Some radio stations playing “Merry Christmas Darling” in December 1970 were on another new Christmas song at the same time. José Feliciano had first come to prominence in the summer of 1968 with an acoustic version of the Doors’ “Light My Fire” (which is a completely different take on the original and in some ways superior to it). In October, he sang “The Star-Spangled Banner” before a World Series game, an introspective acoustic performance that many people considered disrespectful. Some fans at the game booed him, and afterward, there were calls for him to be deported. (Since he’s Puerto Rican, he would have been deported to . . . the United States.) It was the first time most people had heard a personalized rendition of the National Anthem, but it would not be the last. It opened the way for others, from Jimi Hendrix to Marvin Gaye to Roseanne, and many more.

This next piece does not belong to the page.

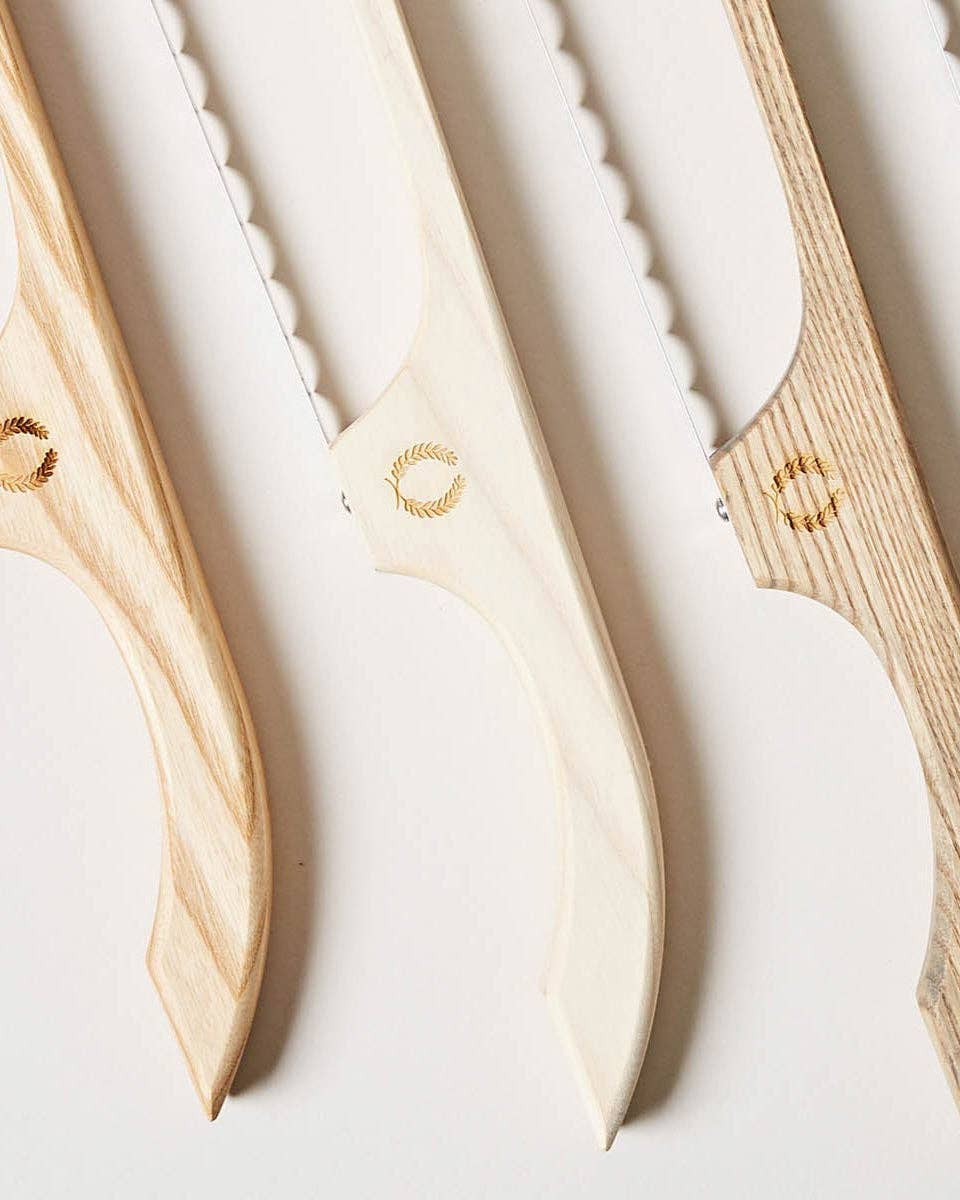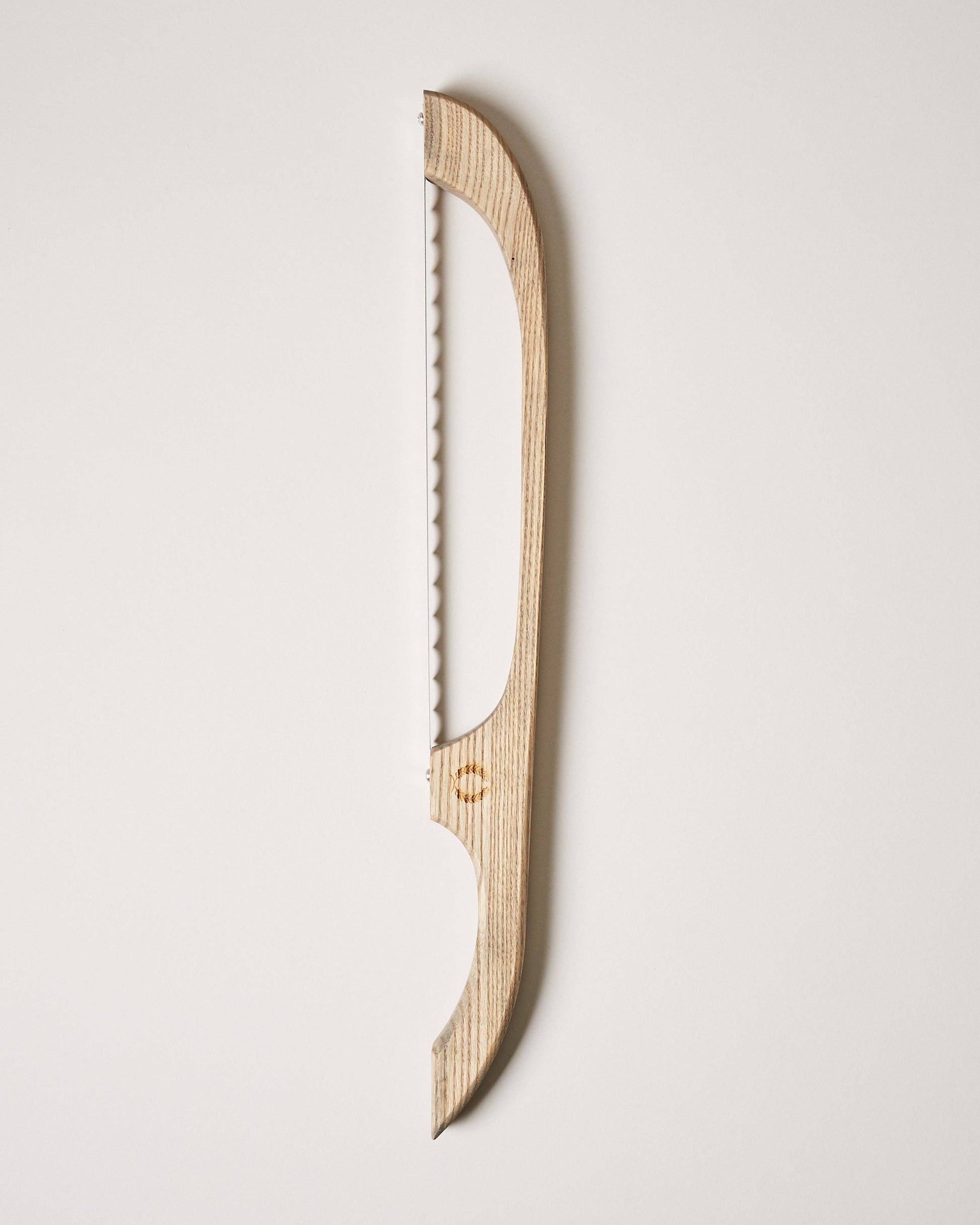 Inspired by old world European kitchens, we've reimagined the ancient tradition of breaking bread with our American made pantry bread bows. To use the bread bow, saw back and forth without any downward pressure. Keep the bow level and it will produce even slices every time. Dimensions: Bow: 17" x 1" Care: Rinse with warm water Condition as needed with our Beeswax Wood Conditioner Materials: Sustainably harvested New England Ash Food safe oil stain Wood finish and color may vary

Two years later, Feliciano was working up a Christmas album, and at the suggestion of his producer, he wrote a new song. He worried about measuring up to Irving Berlin and other Christmas-song writers, so he decided to play to his strengths, writing in a Puerto Rican style, using traditional instruments and Spanish lyrics. The finished recording, “Feliz Navidad,” had only about 20 words, but its joyful simplicity caught on fast. It appeared on a handful of radio surveys in 1970 and was #5 at KIMN in Denver. Oddly, “Feliz Navidad” never appeared on Billboard‘s Christmas singles chart in 1970, or in any other year, until it made the adult-contemporary chart during the 1997 Christmas season. (It’s back on the Hot 100 this year, one of many Christmas songs from the distant past that are hits again thanks to easy streaming and downloading.) The Feliz Navidad album made Billboard‘s Christmas album chart once, in 1973.
There is a plausible argument that after a half-century of annual airplay, nobody really needs to hear either “Merry Christmas Darling” or “Feliz Navidad” again. You can’t really fault people whose reaction to either one of them is to dial-punch or skip. But there’s an equally plausible argument that Christmas would not be Christmas without them. Like the other popular songs of the season, they take us to places we remember, places we are eager to visit. They’ve done it before, and they’ll do it again, probably until the end of time.
This year is also the 50th anniversary of Donny Hathaway’s “This Christmas.” I won’t be writing about it here, but since somebody already did it better, that’s no great loss.